For Pods (Traditional VM):

Click "Create" → "New Pod"
Select template
Choose GPU type (optional, not needed for this workload)
Set min/max auto-scale settings
Click "Run Pod"

3.3 Configure Networking

Expose Port: 8000
HTTPS: Enabled automatically
Public URL: Runpod generates automatically

🧪 Step 4: Test Deployed Endpoint

4.1 Get Endpoint URL

After deployment, Runpod provides a URL like:

https://your-endpoint-id.runpod-pods.net/

Or for Serverless:

https://api.runpod.io/v1/YOUR_ENDPOINT_ID/run

4.2 Test Basic Connectivity

# For Pods (direct connection)
curl -X POST https://your-endpoint-id.runpod-pods.net/health

# For Serverless (requires different format)
# See Runpod API documentation

Expected response:

{"status":"ok"}

4.3 Test Query Endpoint

curl -X POST https://your-endpoint-id.runpod-pods.net/query \
  -H "Content-Type: application/json" \
  -d '{"query":"כמה משתמשים כתבו תודה","top_k":5}'

Expected response:

{
  "query": "כמה משתמשים כתבו תודה",
  "summary": "1168 משובים מכילים ביטויי תודה.",
  "results": [...]
}

4.4 Test All Endpoints

Use the same curl commands from TESTING_CHECKLIST.md, but replace:

http://localhost:8000 → https://your-endpoint-id.runpod-pods.net

Or use Swagger UI:

https://your-endpoint-id.runpod-pods.net/docs

💰 Step 5: Configure Auto-Scaling (Optional)

In Runpod Pod settings:

Minimum GPUs: 0 (not needed)
Maximum GPUs: 1 (if you add GPU support)
Idle timeout: 5 minutes
Auto-pause: Enabled (to save costs)

🔐 Step 6: Add API Keys (Optional)

If you want LLM summaries (not required, system works without):

6.1 In Runpod Dashboard

Go to Pod settings

Add Environment Variables:

GEMINI_API_KEY=your_actual_key
OPENAI_API_KEY=sk-your_actual_key

Restart pod

6.2 Get API Keys

For Google Gemini:

Go to https://makersuite.google.com/app/apikeys
Click "Create API Key"
Copy the key

For OpenAI:

Go to https://platform.openai.com/api-keys
Create new secret key
Copy the key

📊 Step 7: Monitor & Manage

7.1 Check Logs

In Runpod dashboard:

Click on your pod/endpoint
View Logs tab
Look for errors or warnings

7.2 Performance Metrics

Monitor:

CPU usage: Should be <50% at rest
Memory: Should be <80% usage
Response times: Query endpoint 1-3 seconds
Uptime: Should be 99%+

7.3 Scale & Pricing

Auto-scaling: Runpod manages based on demand
Costs: Typically $0.25-$0.50/hour for 4GB CPU-only pod
Savings: Pod auto-pauses when idle (no charge)
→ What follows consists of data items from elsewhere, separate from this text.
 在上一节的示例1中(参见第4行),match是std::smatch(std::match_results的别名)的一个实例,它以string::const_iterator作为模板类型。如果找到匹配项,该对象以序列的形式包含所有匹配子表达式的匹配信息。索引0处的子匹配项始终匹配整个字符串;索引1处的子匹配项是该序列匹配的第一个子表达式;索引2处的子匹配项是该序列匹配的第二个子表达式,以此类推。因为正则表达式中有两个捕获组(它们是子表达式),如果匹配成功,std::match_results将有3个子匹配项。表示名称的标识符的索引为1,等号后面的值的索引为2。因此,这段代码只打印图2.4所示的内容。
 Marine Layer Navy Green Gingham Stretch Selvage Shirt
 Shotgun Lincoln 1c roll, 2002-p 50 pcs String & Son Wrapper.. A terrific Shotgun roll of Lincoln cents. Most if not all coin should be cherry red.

🔄 Step 8: Update Deployment

When You Update Code

Make changes locally

# Edit code, test locally
git add .
git commit -m "feat: new feature"
git push origin main

Rebuild Docker image

docker build -t feedback-analysis:v2 .
docker tag feedback-analysis:v2 galbendavids/feedback-analysis:v2
docker push galbendavids/feedback-analysis:v2

Update Runpod template
- Edit template image: galbendavids/feedback-analysis:v2
- Save
- Restart pod with new image
Or redeploy
- Delete old pod
- Create new pod from updated template

✨ Advanced: Optimization for Cloud

A. Pre-download Models in Dockerfile

To avoid long first-request delays in cloud, add to Dockerfile:

# After RUN pip install requirements.txt

# Pre-download embedding model
RUN python3 -c "from sentence_transformers import SentenceTransformer; SentenceTransformer('paraphrase-multilingual-MiniLM-L12-v2')"
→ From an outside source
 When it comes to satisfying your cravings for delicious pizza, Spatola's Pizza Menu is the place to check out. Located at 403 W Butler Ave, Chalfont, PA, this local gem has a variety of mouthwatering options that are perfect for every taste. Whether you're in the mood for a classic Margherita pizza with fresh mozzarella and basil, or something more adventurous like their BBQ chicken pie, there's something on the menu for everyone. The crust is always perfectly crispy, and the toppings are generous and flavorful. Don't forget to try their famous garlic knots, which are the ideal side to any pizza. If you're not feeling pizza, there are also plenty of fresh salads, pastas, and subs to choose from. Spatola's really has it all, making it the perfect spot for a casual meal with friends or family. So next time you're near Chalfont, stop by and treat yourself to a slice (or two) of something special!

# Pre-download sentiment model
RUN python3 -c "from transformers import pipeline; pipeline('sentiment-analysis', model='nlptown/bert-base-multilingual-uncased-sentiment')"

This adds ~2GB to image, but eliminates download on first request.

B. Use GPU for Faster Embeddings

# Install GPU support
RUN pip install torch torchvision torchaudio --index-url https://download.pytorch.org/whl/cu118
RUN pip install faiss-gpu

Then in Runpod, select a GPU pod (more expensive but faster).

C. Enable Caching

Add to app/config.py:

EMBEDDING_CACHE_SIZE = 10000  # Cache more embeddings
INDEX_RELOAD_INTERVAL = 3600  # Reload index hourly

🐛 Troubleshooting

Problem: Pod won't start

Error: Container failed to start

Fix: Check Dockerfile syntax and ensure image builds locally first.

Problem: Out of memory

OOMKilled or similar

Fix: Increase allocated memory in pod settings (go from 4GB to 8GB).

Problem: Slow responses

Queries taking >10 seconds

Fix:

Add GPU support
Pre-download models (see optimization section)
Increase allocated CPU cores

Problem: Model not found

Error: Model 'xyz' not found

Fix: Add model download to Dockerfile (see optimization section).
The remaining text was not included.